Currently, there are 10,000 species of lizards and snakes around the world -- twice as many different species as mammals. Despite this modern diversity, scientists did not know much about the early stages of their evolution. "It is extraordinary when you realise you are answering long-standing questions about the origin of one of the largest groups of vertebrates on Earth," said Simoes. "Fossils are our only accurate window into the ancient past. Our new understanding of Megachirella is but a point in ancient time, but it tells us things about the evolution of lizards that we simply cannot learn from any of the 9000 or so species of lizards and snakes alive today," said Michael Caldwell, also from the University of Alberta.

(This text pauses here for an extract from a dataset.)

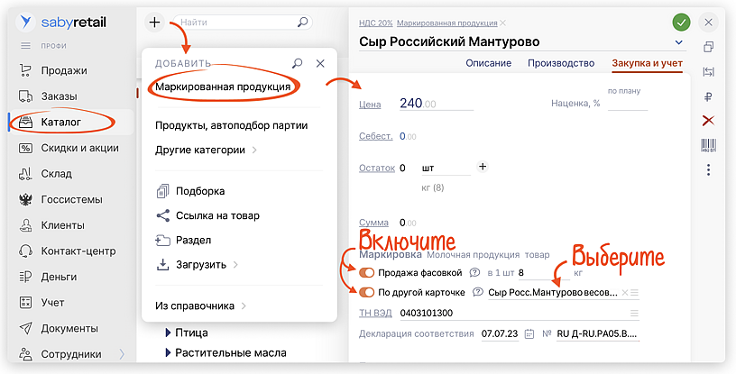 Теперь вы быстрее настроите карточки для продаж, проконтролируете остатки, а Saby не будет требовать коды маркировки на кассе.
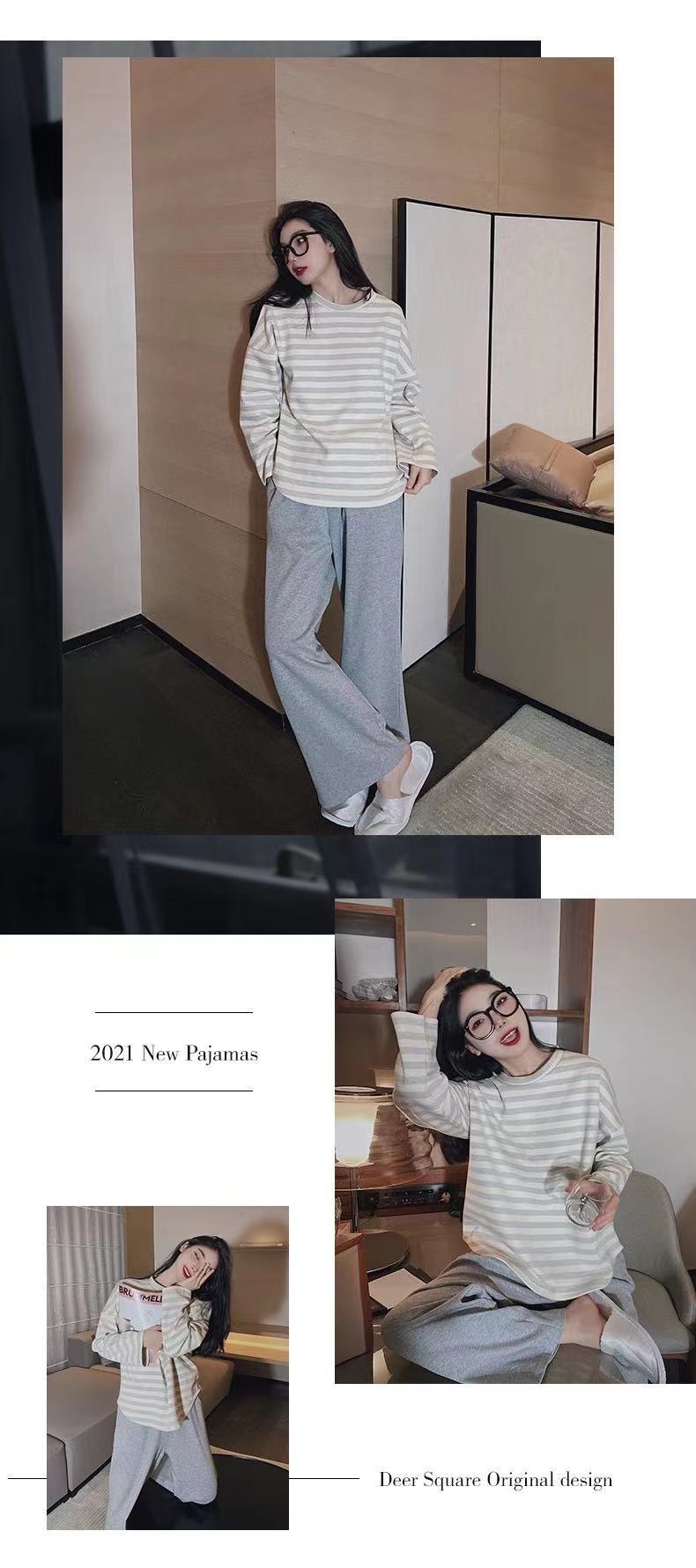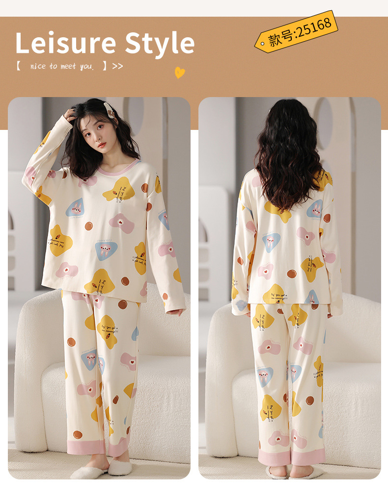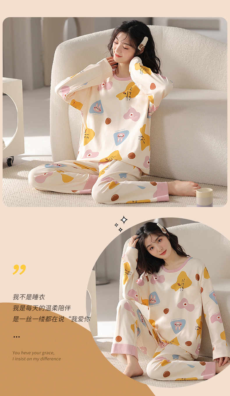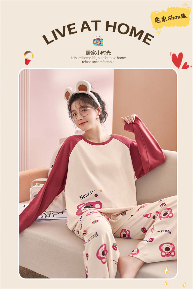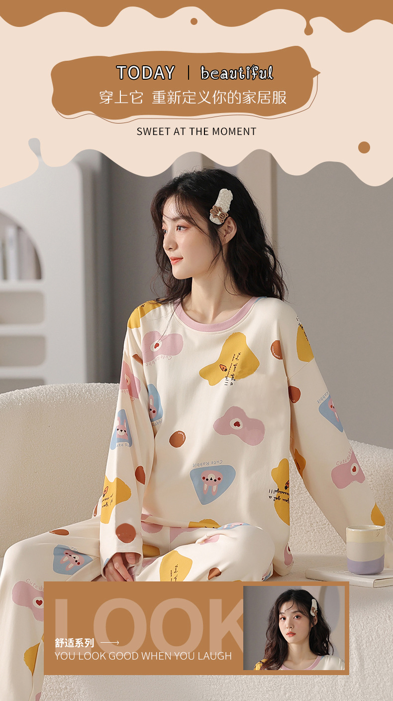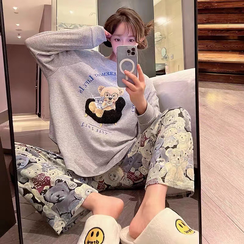 소스 제조 업체 도매 잠옷 여성의 봄과 가을 긴 소매 새로운 가을과 겨울 여성의 가정 의류 세트 마이크로 비즈니스 라이브스토어 가기

Originally found in the early 2000s in the Dolomites Mountains of Northern Italy, researchers considered it an enigmatic lizard-like reptile but could not reach conclusive placement, and it ramained nearly unnoticed by the international community. In order to better understand both the anatomy of Megachirella and the earliest evolution of lizards and snakes researchers assembled the largest reptile dataset ever created.

They combined it with several new anatomical information from Megachirella obtained from high-resolution CT scans.The data was analysed using state of the art methods to assess relationships across species, revealing that the once enigmatic reptile was actually the oldest known squamate.

"At first I did not think Megachirella was a true lizard, but the empirical evidence uncovered in this study is substantial and can lead to no other conclusion," said Randall Nydam of the Midwestern University in the US.